Signé par Madame Maryam Mehrabi, vice-présidente et par Madame Christine Kermorvant, Greffière à laquelle la minute de la décision a été remise par la magistrate signataire.
Vu les articles 455 et 768 du code de procédure civile,
Vu l’assignation délivrée le 1er juillet 2020 par M. [N] [V] au procureur de la République,
Vu les dernières conclusions de M. [N] [V] notifiées par la voie électronique le 25 mars 2022,
Vu les dernières conclusions du ministère public notifiées par la voie électronique le 19 mai 2021,
Vu l’ordonnance de clôture rendue le 2 février 2023 ayant fixé l’affaire à l’audience de plaidoiries du 9 mars 2023,
Vu le jugement rendu le 20 avril 2023, ayant ordonné la réouverture des débats et la révocation de l’ordonnance de clôture,
Vu le dernier bordereau de communication de pièces de M. [N] [V], notifié par la voie électronique le 7 juillet 2023,
Vu l’ordonnance de clôture rendue le 18 janvier 2024, fixant l’affaire à l’audience de plaidoiries du 1er février 2024,
MOTIFS
Sur la procédure
Le ministère public sollicite du tribunal de « constater que le récépissé prévu par l’article 1043 du code de procédure civile a été délivré ». Cette demande de « constat », qui ne constitue pas une prétention au sens des dispositions de l’article 4 du code de procédure civile, ne donnera pas lieu à mention au dispositif.

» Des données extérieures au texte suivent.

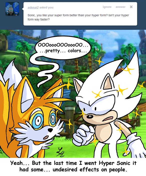 >>556927146Super Emeralds are the Super Chaos Emeralds. >>556927406>Marine while equally outgoing is forced to be the follower because when the going gets tough she would hide under Blaze's legs which Amy wouldn'tWould Marine really, though? I don't see it that way. Marine is the one who'd declare herself "Captain" and believe Blaze is -her- follower. Because that's how a Nega-Tails would think, and Amy is just as dominant towards Blaze in that regard.A Nega-Tails would be the one insisting that Nega-Sonic open up more or whatever.>>556927406>No, it's their Emeralds,Their Emeralds have the same dynamic Sonic & Blaze do, so that doesn't make sense. The link would have to be one thing that's an actual mid-point. The Emeralds aren't the mid-point because they themselves are like polar opposite magnetic stuff. The midpoint is the one(s) going after the Emeralds, drawing Sonic & Blaze to intersect. That's Eggman. >>556927406>o, because Marine isn't an equal to Silver and Blaze like Amy would be treated as.Marine is built off of Rush!Tails, so she doesn't get to do anything but blast the Water Ball thing in that one cutscene the same way Tails doesn't get to do anything. If Marine -was- allowed more agency, she'd be just as active and independent as Amy herself is, and assert herself as an equal even if she's absolutely not in anyone else's eyes. The whole story was her asserting herself as the captain but no one gave her any respect and thought it'd be best if she stayed behind. But, she refused, and kept asserting herself anyway until they -did- respect her. Because that's how Amy, that's how a Nega-Tails, would operate.A Nega-Tails mindset is "I AM good enough and I will MAKE them respect me", and that's Amy's mindset in SA1, and Marine's mindset in Rush Adventure.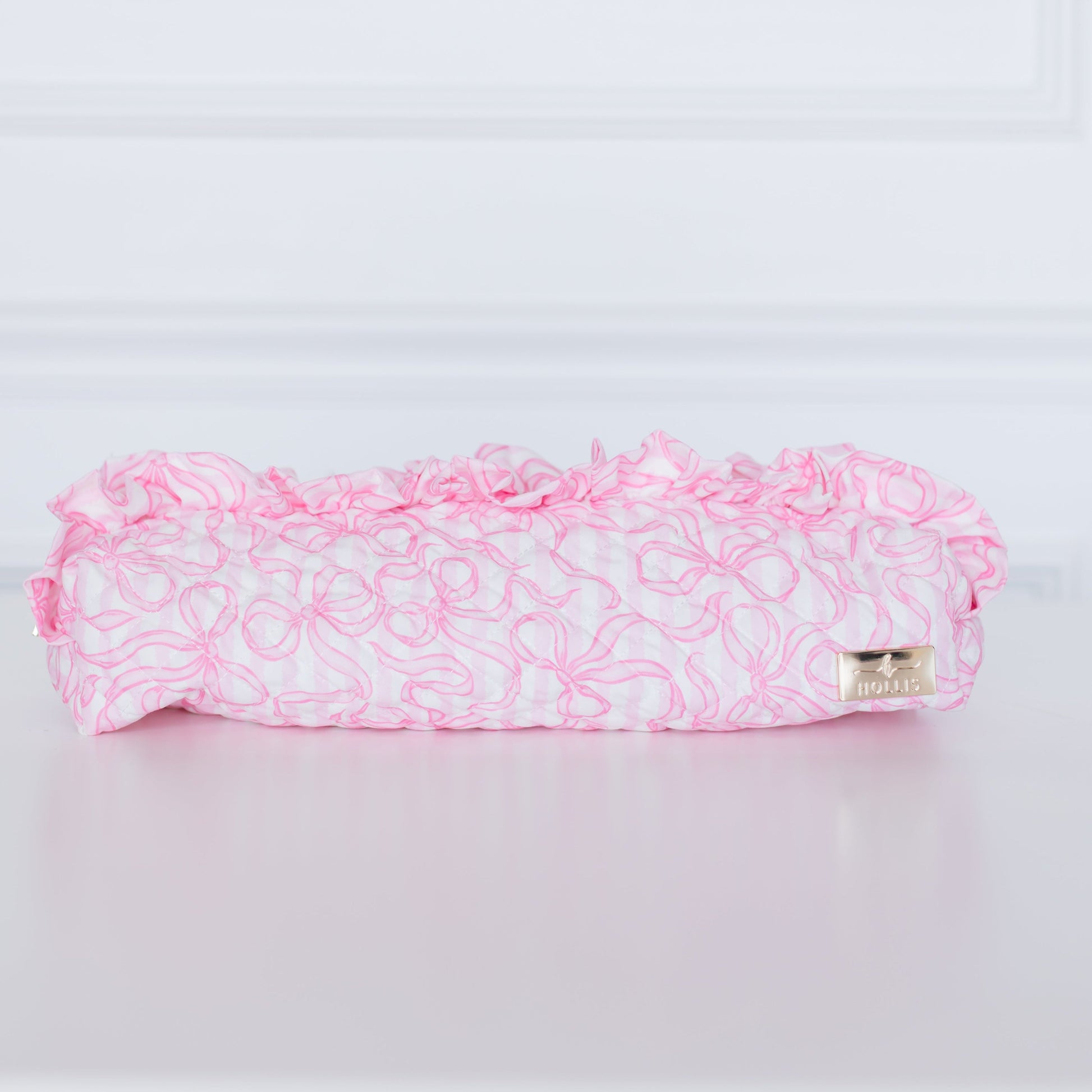 The Quilted Coquette Hot Tools Pouch keeps your hair tools protected — and finally makes them pretty. Designed in our signature pink bow print with full ruffle trim, this pouch brings coquette charm to even the most practical part of your beauty routine.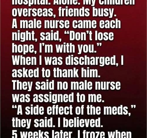During a two-week hospital stay, I felt invisible—my children were busy elsewhere, and visitors were rare. But each night, a calm nurse checked on me, offering quiet encouragement that made the lonely nights bearable.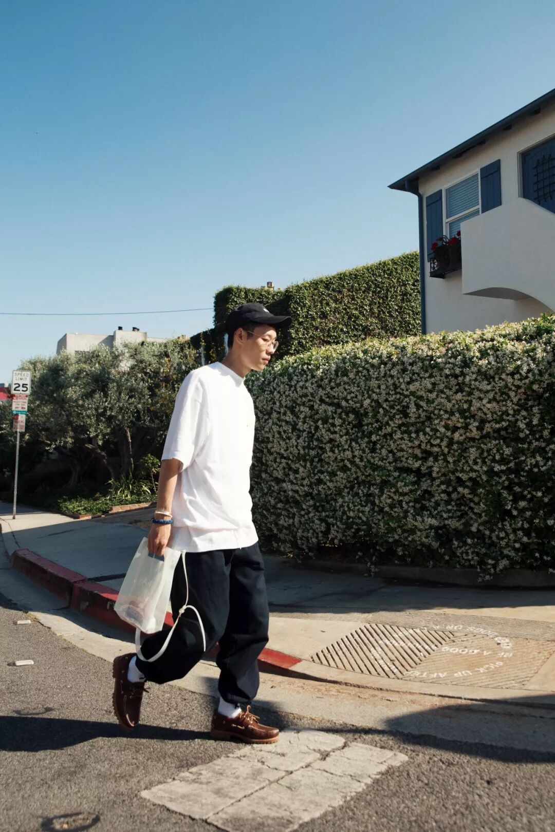 聪明人应该看出来了,比自己体型大两个size的t恤,肥大裤筒逐渐往脚腕处收小的裤型,一双白色长袜,和一对船鞋,就是变身City boy绝不出错的公式。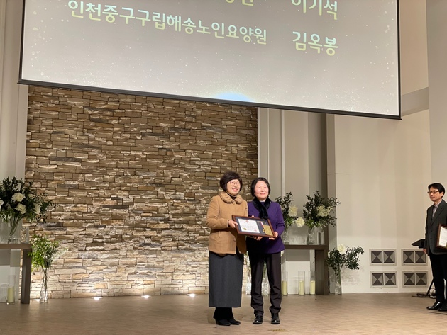 구립해송노인요양원 김옥봉 요양보호사가 중구 구청장상을 수상하며 지역 사회복지 발전에 기여한 공로를 인정받았다.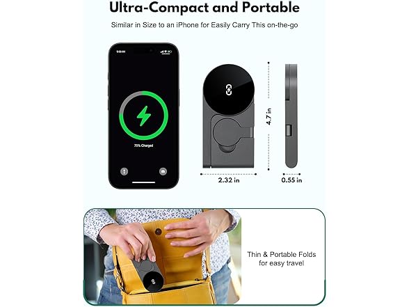 - 🧳 Ultra-Compact & Foldable Design – Travel Ready Sleek, foldable, and incredibly portable, this 3-in-1 wireless charger is smaller than an Apple Magic Mouse, making it perfect for daily commutes, business trips, or vacations. The magnetic fold lets it slip easily into your pocket or bag without adding bulk.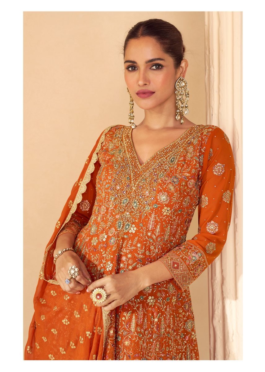 | NAME : | Sayuri Designer Sandhya DN 10150 Heavy Real Georgette With Embroidery Anarkali Suit Orange Color |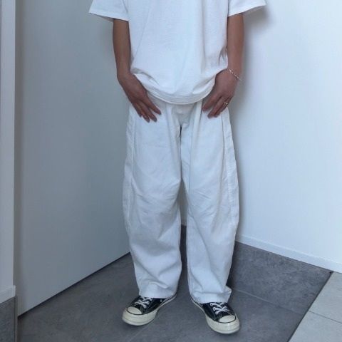 春らしいオフホワイトのコクーンパンツです。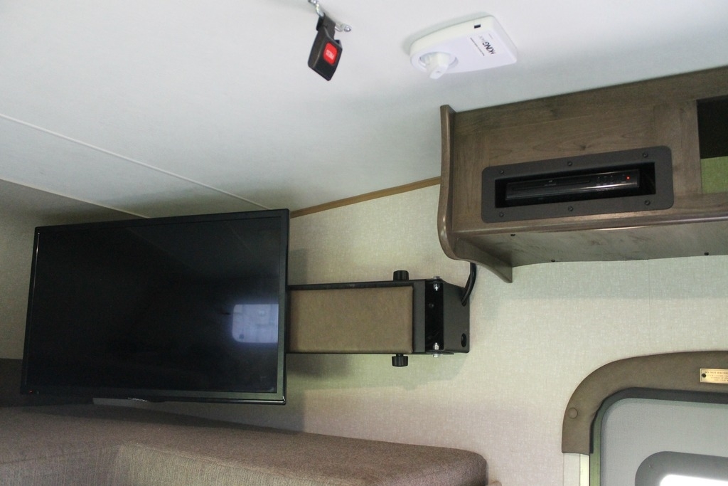 Additionally, there is an outdoor compartment located under the awning which features a mounted HD television along with stereo/radio, both with remote controllers for operation, pleasant for outdoor use. Beneath the awning is full length LED “patio lighting”. There are numerous substantial outdoor storage compartments under the RV to carry other camping gear and travel supplies.
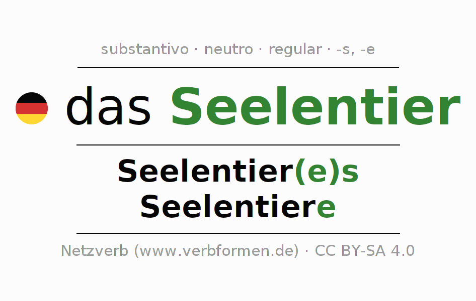 A declinação do substantivo Seelentier (animal espiritual) está no genitivo singular Seelentier(e)s e no nominativo plural Seelentiere . O substantivo forte Seelentier é declinado com a terminação es/e. O gênero gramatical de Seelentier é neutro e o artigo definido é "das". Não se pode somente declinar o substantivo Seelentier mas sim todos os substantivos em alemão. Comentários ☆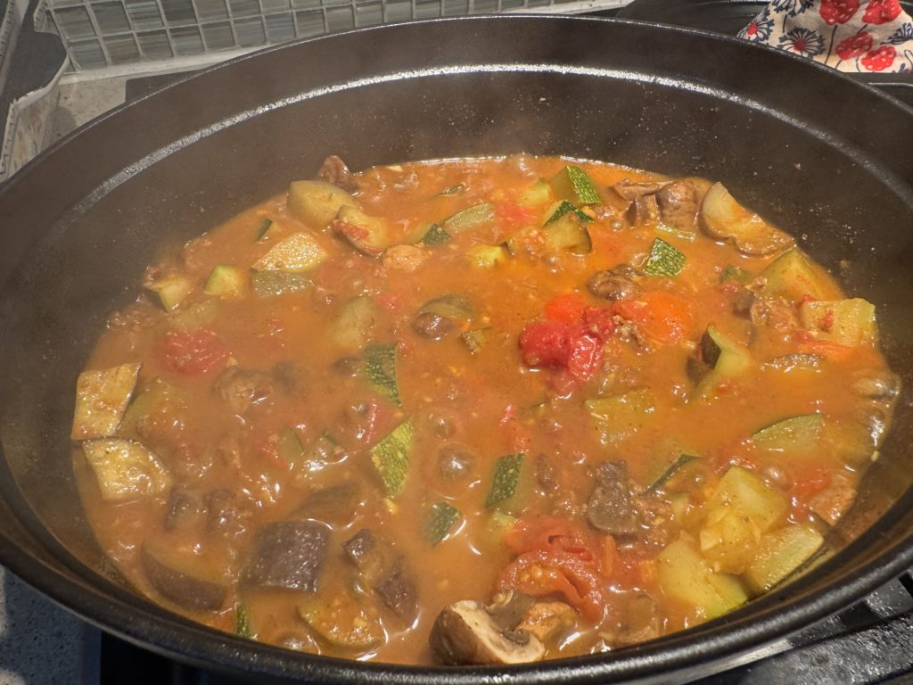 そして、たっぷりのトマト、ズッキーニ、茄子、ニンニクを使った、
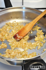 После этого удаляем тимьян с чесноком и закидываем в сотейник репчатый лук, мелко нарезанный. Пассеруем его до золотистого цвета.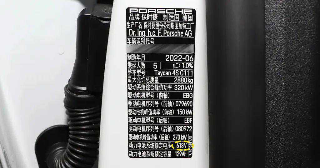 在电气系统中,系统工作电压一般是额定电压的1.1-1.2倍,也就是说系统电压可以在一定范围内变动。比如最早宣传采用800V的保时捷Taycan,它的Turbo版额定电压为723V,最大工作电压为854V;而更便宜的Taycan4S额定电压只有613V,按照1.2倍的最大工作电压计算,Taycan4S的最高电压预计在735V左右。

Le tribunal rappelle toutefois qu’aux termes de l’article 1043 du code de procédure civile, applicable à la date de l’assignation, dans toutes les instances où s’élève à titre principal ou incident une contestation sur la nationalité, une copie de l’assignation est déposée au ministère de la justice qui en délivre récépissé.
En l’espèce, le ministère de la justice a délivré ce récépissé le 6 janvier 2021. La condition de l’article 1043 du code de procédure civile est ainsi respectée. Il y a donc lieu de dire que la procédure est régulière au regard de ces dispositions.
Sur l’action déclaratoire de nationalité française
M. [N] [U] [V], se disant né le 28 janvier 1968 à [Localité 4] (Royaume-Uni), revendique la nationalité française par filiation maternelle, sur le fondement de l’article 17 du code de la nationalité française dans sa rédaction issue de la loi du 9 janvier 1973. Il expose que sa mère, [B] [I], née le 15 mai 1938 au [Localité 3]-[Localité 7] (Côtes d’Armor), est française sur le fondement de l’article 23 du code de la nationalité française comme née en France d’un père qui y est lui-même né.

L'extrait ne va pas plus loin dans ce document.